Tu pleures, parce qu’à l’école un enfant dans la cour t’a bousculée, c’est de la comédie, disent-ils, il faut t’endurcir, t’apprendre la vie, ajoutent-ils en se retournant vers moi, il ne faut pas se laisser avoir par tes pleurs, tu veux seulement le faire punir, voilà tout, et il faut bien t’apprendre la vie, et t’endurcir.
Je rassemble tes forces en te tenant dans mes bras, je te protège du bruit de leurs paroles, n’écoute pas, viens, pense à autre chose, pense seulement qu’on ne les a pas assez consolés quand ils étaient à ta place, et que cela, ils ne savent pas le faire parce que personne, jamais, ne les a consolés ; je t’assure que le monde n’est pas toujours comme ça, viens, oublie-les, même si le monde est comme ça, que le monde n’est pas tout entier comme ça, même s’il y a des gamins idiots et des adultes qui le sont encore plus, des adultes fossilisés dans leur idiotie de gamins idiots, ça me met en colère, tu sais, mais le monde n’est pas comme ça, le monde n’est pas tout entier comme ça, puisque toi, tu n’es pas comme ça. Il suffit que tu sois différente pour que le monde tout entier soit différent.

Tu pleures parce que tu ne veux pas mettre la tête sous l’eau. Ils disent que c’est de la comédie, qu’il faut te laisser avec eux, et qu’ils t’apprendront à mettre la tête sous l’eau. Ils disent que je dois te laisser, que c’est plus facile si je te laisse. Avec eux ? Et pourquoi ? Qu’est-ce que ça peut me faire, à moi, que tu ne veuilles pas, pas tout de suite, pas maintenant, que tu n’aies pas ton brevet d’aisance aquatique, comme ils disent, comme ils jargonnent, ce sont les mêmes tu sais, les premiers qui me reprocheront de jargonner parce que je parle d’objets anhoméomères et qui me demanderont si tu as ton brevet d’aisance aquatique, et qui prendront un air navré quand je leur dirai que tu adores prendre ton bain le soir et que tu y passes des heures, et que tu es très à l’aise avec le gel douche, surtout quand tu inventes de nouveaux parfums en les mélangeant tous, et que le brevet d’aisance aquatique, oui, moi, je te le donne, avec deux étoiles et un sourire.

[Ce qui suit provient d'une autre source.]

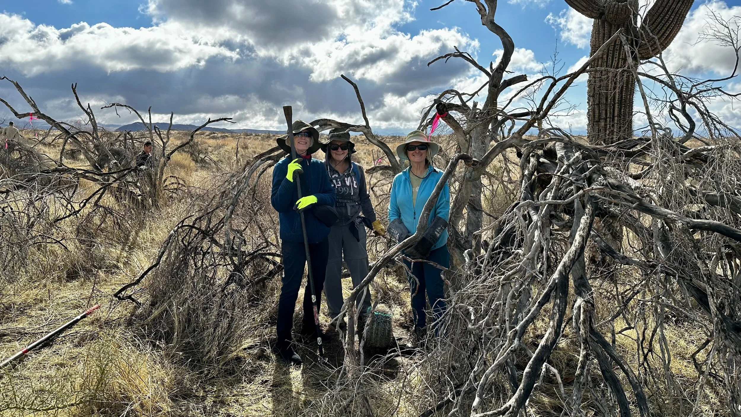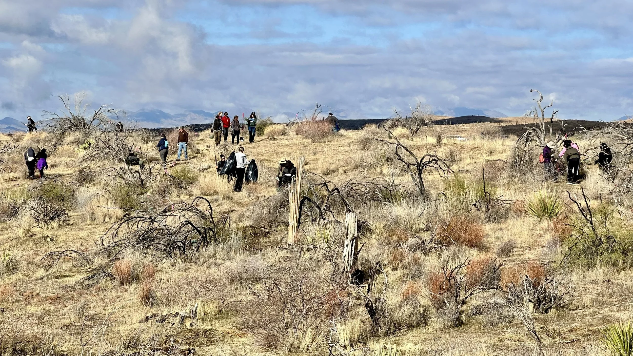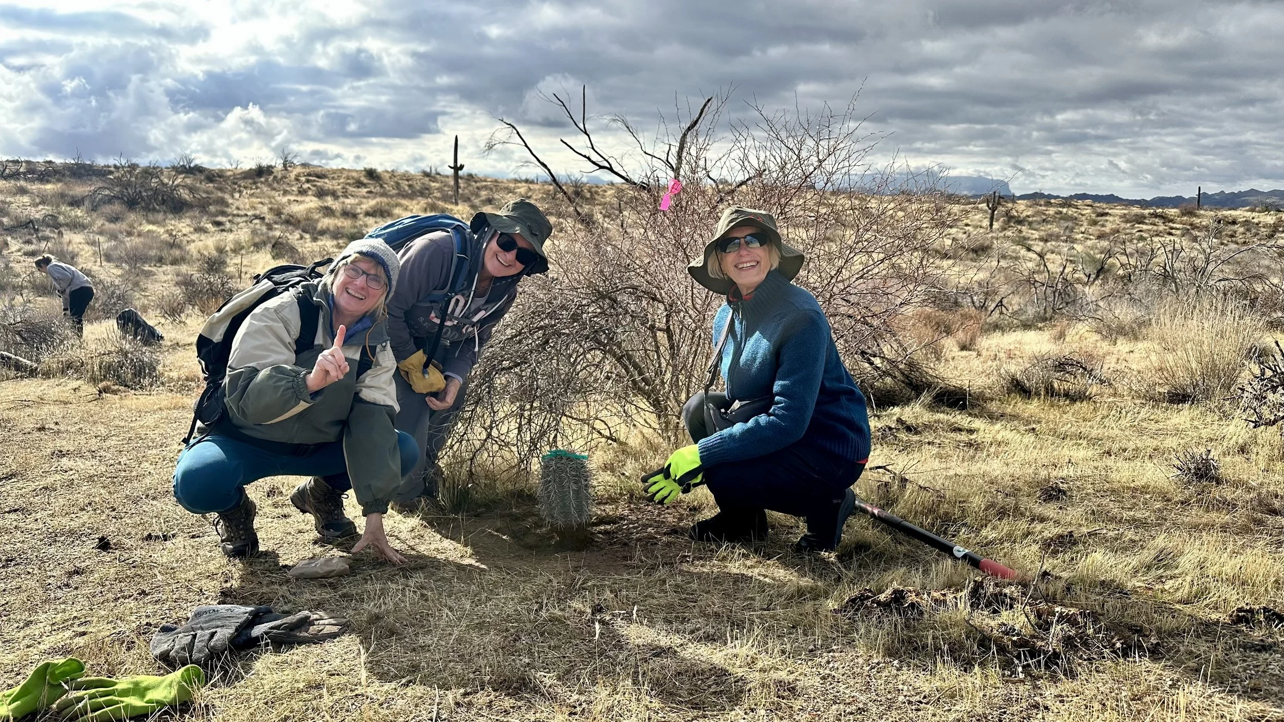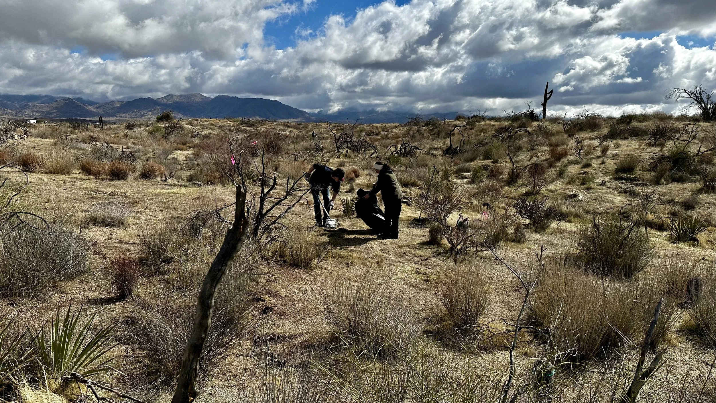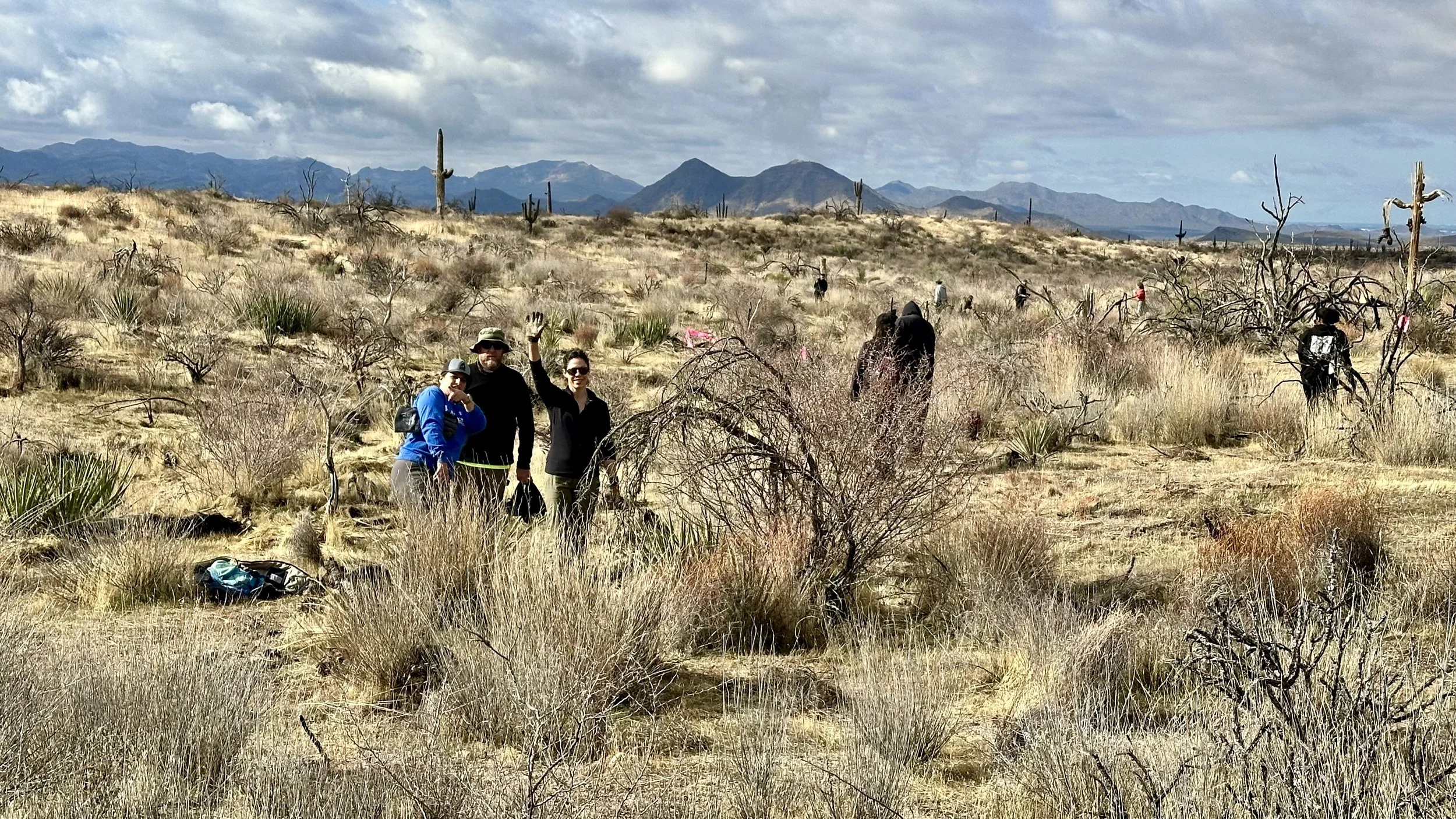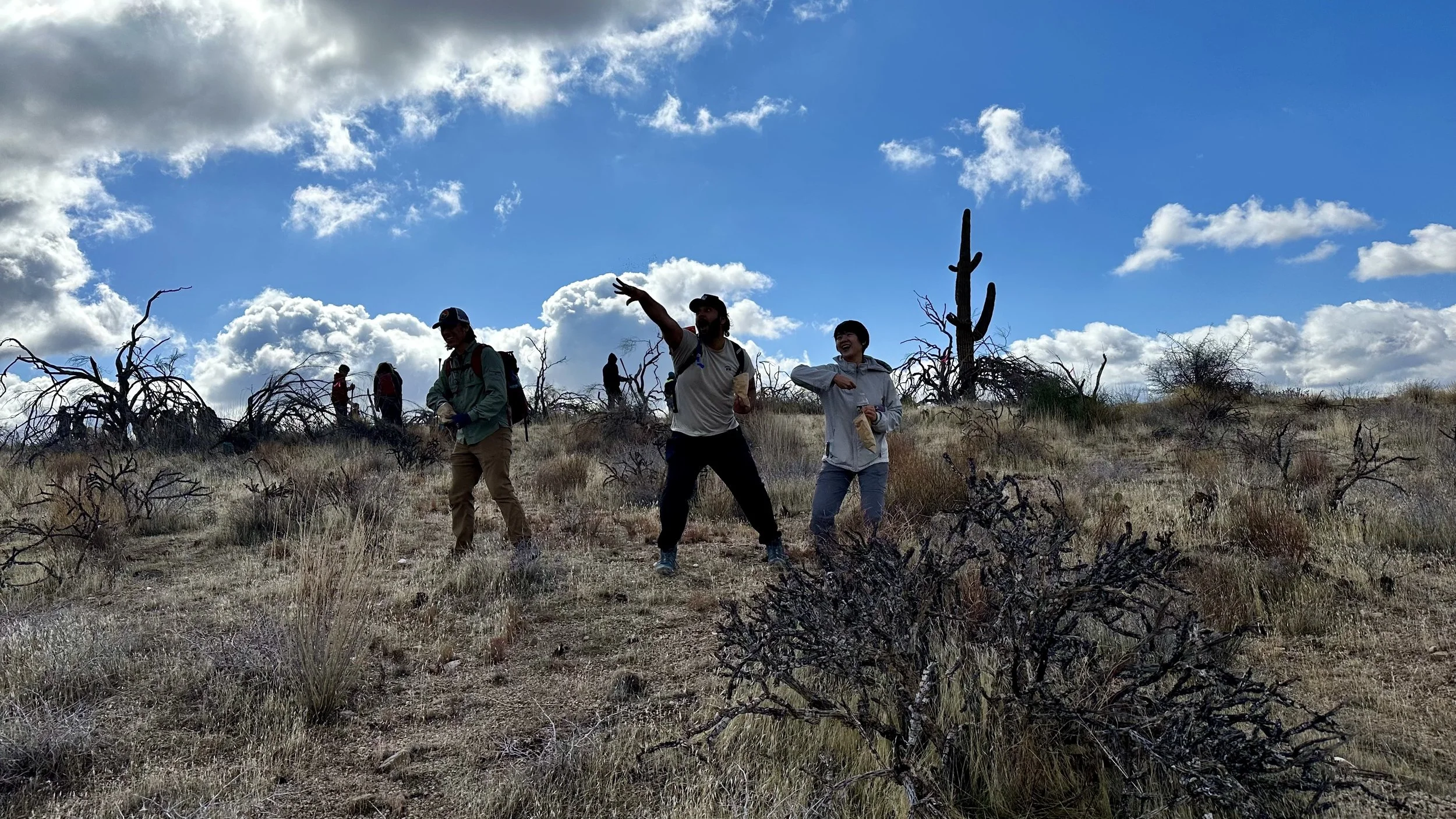 74 volunteers, including 4 youth volunteers, helped us plant 106 saguaros, spread 25 pounds of Sonoran Desert wildflower seed mix, & bag invasive grasses from a section of the burn scar.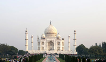 Agra India 2024 October 15 Taj Mahal in Agra, India. Majestic white marble monument with intricate inlay, sacred Mughal architecture, arches, symmetry, water reflections, golden hour light, tourist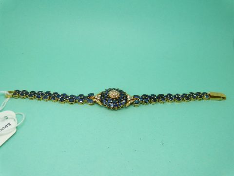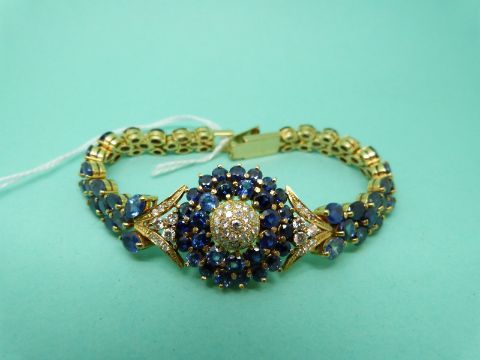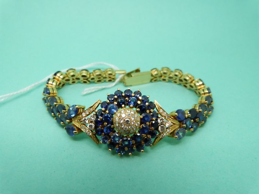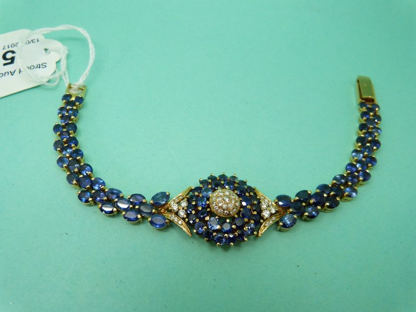 An 18ct gold bracelet the central circular panel set with diamonds totalling approximately 1.3ct surrounded by two rows of round cut Ceylon sapphires, thirty-one stones in all. The strap further set with three rows rows of oval cut Ceylon sapphires, fifty-eight stones in all (34.4g)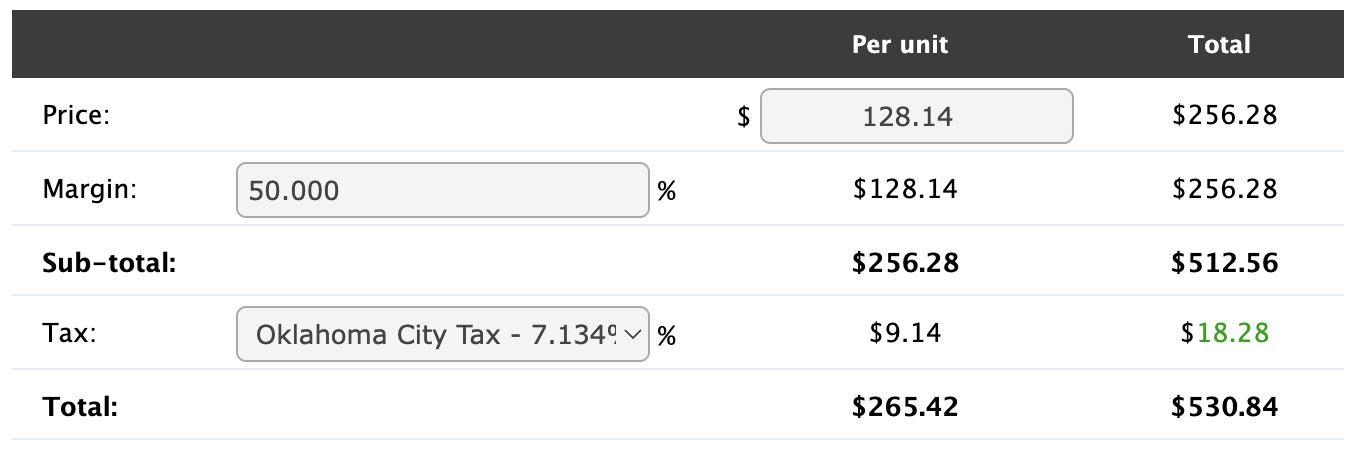 The sum of Price + Labor (if applicable) + Margin (if applicable).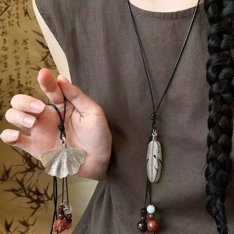 New Chinese Style Retro Feather Ginkgo Leaf Necklace Women's Bohemian Ethnic Style Long Sweater Chain Pendant Accessories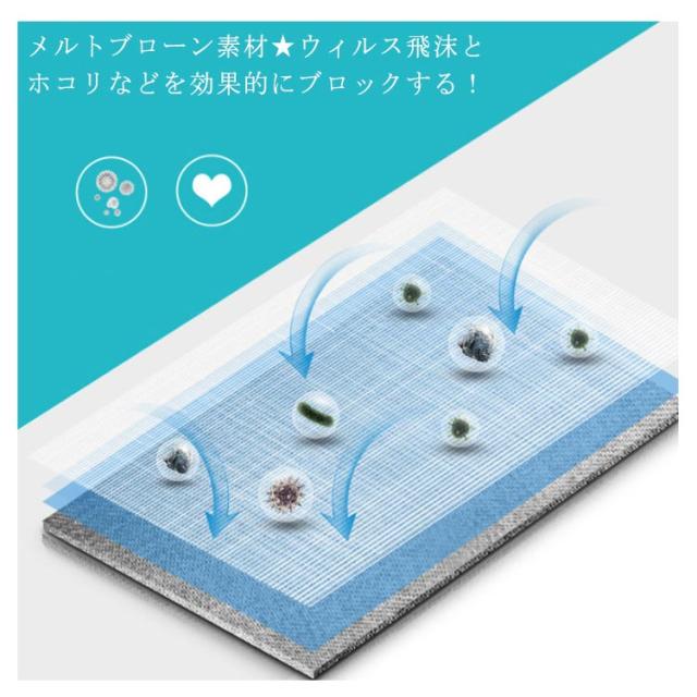 | 素材 | 内層/外層:不織布 フィルター層:メルトブローン(melt-blown fabric) |

Je rassemble mes forces. Le plus compliqué, c’est de te faire comprendre une chose, une seule. Tu as le droit. C’est tout. C’est tout simple. Tu as le droit de prendre quatre ans pour apprendre à nager, tu as le droit de t’embrouiller dans l’orthographe, et de confondre ce et se, et je te l’ai déjà dit, si tu arrives à avoir zéro et à ne pas pleurer, tu as un cadeau, j’aimerais tellement que tu t’en souviennes, tu as le droit de faire des bêtises, et de cacher mes clefs dans ta boîte à trésors, avec des carrés de chocolat et un échantillon de fond de teint, j’ai le droit de protester et tu as le droit d’expérimenter, tu as le droit de prendre du temps, tu as le droit de ne pas filer droit tout le temps, tu as le droit de musarder sur ta route, et d’en dessiner toi-même le déroulement à la surface du monde, et aussi de mettre du vernis à ongle pour aller à l’école, oui, même du vert pomme, tu as le droit de chaparder des biscuits dans le placard, et moi je te courrai après, petite voleuse, tu as le droit de ne pas être sage, tu as même ce droit-là. Tu as le droit d’être un enfant. Tu as le droit d’être toi.

Je me demande bien tout ce qu’on leur a interdit, à ces adultes, pour qu’ils soient devenus ce qu’ils sont.

 

Isabelle Pariente-Butterlin _ Licence Creative Commons BY-NC-SA
1ère mise en ligne et dernière modification le 14 mai 2012.

 

 

Si tu savais comme je m’en veux d’être adulte …

Isabelle Pariente-Butterlin

 

… et parfois, ces grosses larmes dont toi seule a le secret, elles commencent à couler, sans qu’on comprenne toujours pourquoi, sans même qu’on ait le temps de réaliser ce qui vient de se passer, ce qui t’a touchée en plein cœur. Si tu savais alors, les reproches que je me fais, et comme je me sens maladroite et brutale, quand ces larmes énormes et transparentes se suivent les unes après les autres, sur l’arrondi de ta joue, soudain en feu.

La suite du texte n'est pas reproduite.